Verkündigung darf Menschen nicht "katalogisieren"
Kardinal Marx warnt vor "moralischem Rigorismus"

09.07.2017 | Stand 30.07.2023, 4:11 Uhr
−Foto: Foto: Christian Eckl

Kardinal Reinhard Marx hat vor einem "moralischen Rigorismus" in der Verkündigung gewarnt. Weder dürfe die Kirche "Menschen katalogisieren", sagte der Erzbischof von München und Freising am Montagabend, 2. Februar, bei der Feier zum Fest Darstellung des Herrn, auch Mariä Lichtmess genannt, im Münchner Liebfrauendom.

FREISING/MÜNCHEN Ebenso falsch sei es aber auch zu denken, "nur weil etwas ist, was und wie es ist, bedeutet schon, dass es gut ist". Marx erinnerte in seiner Predigt daran, dass Gott sich in seiner Menschwerdung „mit jedem Menschen verbunden“ habe. Das Fest Darstellung des Herrn erinnere daran, dass Gott ein annehmender Gott sei. „Das bedeutet aber nicht, dass alles in Ordnung ist, was der Mensch tut.“ Dieser Gedanke habe "Auswirkungen bis auf die Fragen, mit denen wir uns bei der Synode beschäftigen". Die Bischofssynode im Herbst geht der Frage nach "Berufung und Sendung der Familie in Kirche und Welt von heute" nach.

"Gott wird in der Menschwerdung zum Licht", sagte Marx. Auch im Wesen des Menschen liege es, nach Offenheit, Aufklärung und Licht zu streben. Er sei eben "nicht fertig", sondern sei zu einem "größeren Leben" zu Gott hin bestimmt. Durch seine Menschwerdung baue Gott den Menschen eine Brücke dort hin.

Ebenso brächten die Ordensleute „Licht in die menschliche Natur, sich nach diesem ganzen Leben auszustrecken“, würdigte der Erzbischof das Wirken der Nonnen und Mönche in der Erzdiözese. "Bitten wir den Herrn, dass wir getaufte und gefirmte Christen uns alle in diese Dynamik hineinbegeben, die wir durch das Entzünden des Lichtes entfacht haben", sagte er mit Blick auf den Brauch, zu Mariä Lichtmess Lichterprozessionen abzuhalten.

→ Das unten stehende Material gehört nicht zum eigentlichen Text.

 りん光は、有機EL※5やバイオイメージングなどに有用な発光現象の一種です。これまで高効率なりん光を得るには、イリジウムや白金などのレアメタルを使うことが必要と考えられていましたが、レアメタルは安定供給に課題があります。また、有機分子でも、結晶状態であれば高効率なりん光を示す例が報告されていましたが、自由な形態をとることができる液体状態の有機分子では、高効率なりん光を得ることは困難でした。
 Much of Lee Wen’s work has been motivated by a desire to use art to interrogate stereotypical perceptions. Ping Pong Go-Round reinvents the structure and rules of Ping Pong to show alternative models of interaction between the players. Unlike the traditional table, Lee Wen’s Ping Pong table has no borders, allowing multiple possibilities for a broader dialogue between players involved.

Zu den Feiern sind jedes Jahr insbesondere Ordensleute und Mitglieder der geistlichen Gemeinschaften eingeladen, da Mariä Lichtmess auch als "Tag des geweihten Lebens" begangen wird, an dem das Gebet für Ordensfrauen und Ordensmänner im Mittelpunkt steht. Um die Aufmerksamkeit auch im Jahresverlauf auf die verschiedenen Formen des Ordenslebens zu lenken und daran zu erinnern, welchen Dienst Ordenschristen für die Kirche und Gesellschaft übernehmen, wurde 2015 zum "Jahr der Orden" mit einer Fülle von Veranstaltungen ausgerufen.

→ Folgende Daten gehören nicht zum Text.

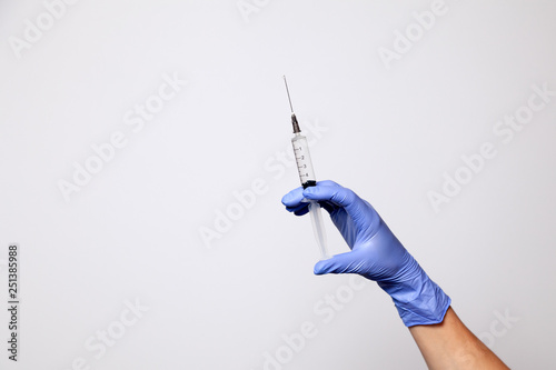 Closeup Doctor S Hand In Rubber Latex Purple Glove Hold Transparent Syringe Isolated On White Background Concept Rejection Of Vaccinations Injection Hiv Epidemic

Das Fest Darstellung des Herrn erinnert an die Darbringung Jesu im Tempel: Der jüdischen Tradition folgend, bringen Maria und Josef ihren erstgeborenen Sohn 40 Tage nach seiner Geburt in den Tempel, um ihn Gott zu weihen. Durch ein Geldopfer lösen sie ihn wieder aus. Der greise Simeon erkennt Jesus als Sohn Gottes und nennt ihn "Messias des Herrn" und "ein Licht, das die Heiden erleuchtet". Die Tradition der Lichterprozessionen entstand bereits im ersten Jahrtausend nach Christus, vermutlich auch in Anlehnung an Prozessionen in vorchristlicher Zeit. Aus der Lichtsymbolik erwuchs der Brauch, an diesem Tag die für das kommende Jahr benötigten Kerzen zu weihen. Wegen seines inhaltlichen Bezuges zu Weihnachten gilt das Fest Darstellung des Herrn traditionell als Abschluss der Weihnachtszeit, so dass in manchen Kirchen und Familien der Weihnachtsschmuck erst an diesem Tag abgenommen wird. Der Feiertag Mariä Lichtmess war auch lange Zeit im bäuerlichen Kalender ein wichtiger Termin, an dem die winterliche Arbeitspause endete. Knechte und Mägde bekamen ihren Lohn und konnten den Arbeitgeber wechseln.